Hydrochlorothiazide and timolol Side Effects
Please note - some side effects for Hydrochlorothiazide and timolol may not be reported. Always consult your doctor or healthcare specialist for medical advice. You may also report side effects to the FDA.
Side Effects by Body System - for Healthcare Professionals
Applies to: oral tablet
Timolol-hydrochlorothiazide (HCTZ) is generally well tolerated. Most side effects are mild and transient.

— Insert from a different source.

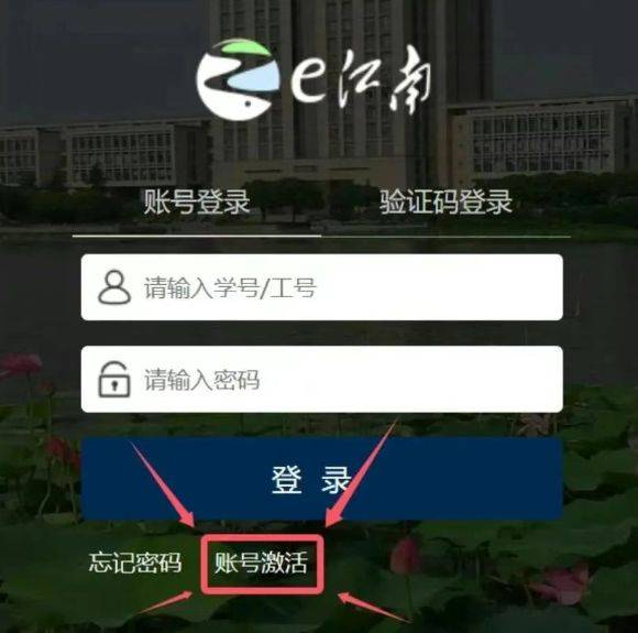 单击“账号激活”,按照提示输入录取通知书号、姓名等信息。注意:激活成功后,e江南账号即为学号。

Cardiovascular side effects have included sinus bradycardia and hypotension. Sinus bradycardia is reported in 1.2% of the patients, but is reported in up to 9% of patients who are taking timolol alone. Hypotension is reported in 1.6% of patients, and can result in syncope, particularly in the elderly. Atrioventricular conduction disturbances or exacerbation of congestive heart failure are reported in less than 1% of patients. Rarely, HCTZ-induced hypokalemia can predispose some patients to significant cardiac arrhythmias, including ventricular ectopy and complete AV heart block.
Metabolic side effects associated with HCTZ are more common when daily doses exceed 50 mg. Mild hypokalemia (decrease of 0.5 mEq/L) occurs in up to 50% of patients, and may predispose patients to cardiac arrhythmias. Metabolic alkalosis, hyponatremia, hypomagnesemia, hypercalcemia, hyperglycemia, and elevated serum uric acid levels are also relatively common. Timolol-HCTZ may increase serum cholesterol and decrease HDL lipoprotein cholesterol.
Since HCTZ may increase total serum cholesterol by 11%, LDL lipoprotein cholesterol by 12%, VLDL lipoprotein cholesterol levels by 50%, and may reduce insulin secretion, timolol-HCTZ should be used with caution in diabetic patients and in those with hypercholesterolemia. Timolol, like some other beta-blockers, may also have an unfavorable effect on the lipid profile.
Hyperuricemia may be an important consideration in patients with a history of gout. Hypophosphatemia and low serum magnesium concentrations may occur, but are usually clinically insignificant except in malnourished patients.
Respiratory problems associated with timolol-HCTZ, as with other drugs that contain beta-antagonists, include bronchial constriction in susceptible patients. Dyspnea is reported in 1% to 6% of patients. There are approximately 30 case reports of acute noncardiogenic pulmonary edema associated with HCTZ. The mechanism is not known, but may be due to hypersensitivity to the drug.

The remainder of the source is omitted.